Polymethyl methacrylate, Polystyrene and Polyvinyl chloride are hard and brittle polymers with good transparency and processability. To improve their toughness they are blended with graft copolymers, which are obtained by polymerizing methyl methacrylate and styrene on a rubbery core of butadiene and styrene copolymer or butadiene polymer. Such graft copolymers are also referred to as impact modifiers.
Generally such graft copolymers are prepared by the emulsion polymerization method. Normally relatively low temperatures are used, e.g. 5"-709C and emulsifier concentrations of 1-5 parts by weight per hundred parts of monomers. Redox catalyst recipes are usually employed. Conversion of monomers to polymer of over 90% are obtained in less than 20 hours.

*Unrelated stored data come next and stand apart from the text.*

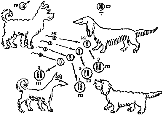 Развитие начинается с зиготы (з), образованной слиянием мужской (мг) и женской (жг) гамет; гаметы несут одинарный (гаплоидный) набор хромосом; зигота несет двойной (парный, диплоидный) набор хромосом; у потомка каждая пара хромосом составлена одной материнской и одной отцовской; разные сочетания родительских хромосом в генотипе потомков (гп) создают новые комбинации признаков, в результате дети отличаются и от родителей, и друг от друга; чем более сходен генотип родителей (гр), тем более однотипны потомки.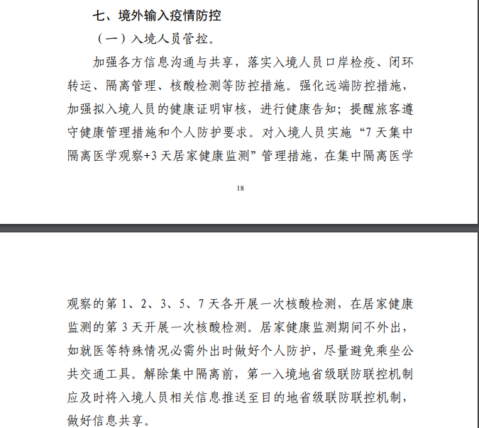 将密切接触者、入境人员隔离管控时间从“14天集中隔离医学观察+7天居家健康监测”调整为“7天集中隔离医学观察+3天居家健康监测”,核酸检测措施从“集中隔离医学观察第1、4、7、14天核酸检测,采集鼻咽拭子,解除隔离前双采双检”调整为“集中隔离医学观察第1、2、3、5、7天和居家健康监测第3天核酸检测,采集口咽拭子”,解除集中隔离医学观察前不要求双采双检。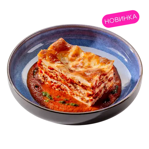 Паста лазанья, фарш из свинины, томатный соус, соус бешамель, морковь, лук, сельдерей, моцарелла, пармезан, соус песто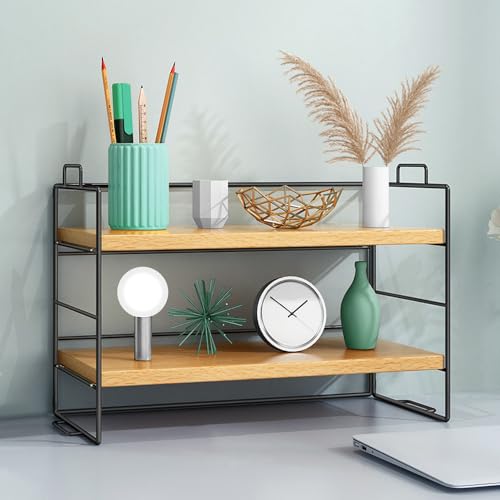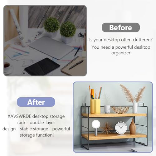 XAVSWRDE - رف تخزين مكتبي من طبقتين من اكس ايه في اس دبليو ار دي اي، رف خشبي بتصميم ريفي، رف عرض لسطح المكتب، رف كتب متعدد الاغراض قائم بذاته، حامل منظم للمكتب والمنزل
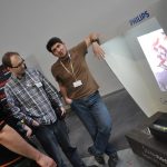 Goście z lekką dozą niepewności podchodzi do bezdotykowego kontrolera Leap Motion. Do sterowania interfejsem niczym w “Raporcie Mniejszości” jeszcze daleka droga, ale mogliśmy już teraz przeżyć namiastkę przyszłości. Leap Motion nie jest intuicyjnym urządzeniem – by opanować go do perfekcji trzeba nauczyć się konkretnych gestów i wyczuć sprzęt. W prostych aplikacjach takich jak mapy Google’a czy grach typu Cut the Rope kontroler sprawdza się bardzo dobrze, natomiast w przypadku bardziej zaawansowanych programów służących do modelowania obiektów 3D bywało już różnie. Mimo to wszyscy byliśmy zgodni, że ten sprzęt niesie w sobie fajny potencjał, który na wzór Kinecta będzie mógł być wykorzystany w różnych dziedzinach technologii.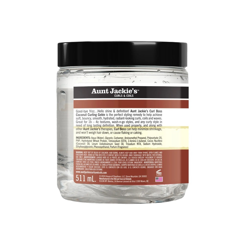 - Aunt Jackie’s Curl Boss Coconut Curling Gelée is the perfect styling remedy for help achieve soft, bouncy, smooth, hydrated, radiant-looking curls, coils and waves.

Under such conditions the average particle diameter of the latex particles is below 1000 A. But a butadiene-styrene copolymer with a particle size of < 1000 A is not suitable for many applications, such as e.g.
production of MBS impact modifiers of Polyvinyl chloride for bottle applications, which require latex particles of at least 1500 A.
It is well known that a decrease in the concentration of emulsifier will increase the average particle size of the latex. It is also known that an increase in the temperature of emulsion polymerization will result in a decrease in the average particle size of the latex. Therefore to achieve the required larger average particle diameter, it is normal to employ lower emulsifier concentrations whilst retaining the normal polymerization temperatures. But as a result long polymerization times are needed, e.g. over 30 hours to obtain particles of 1500 A.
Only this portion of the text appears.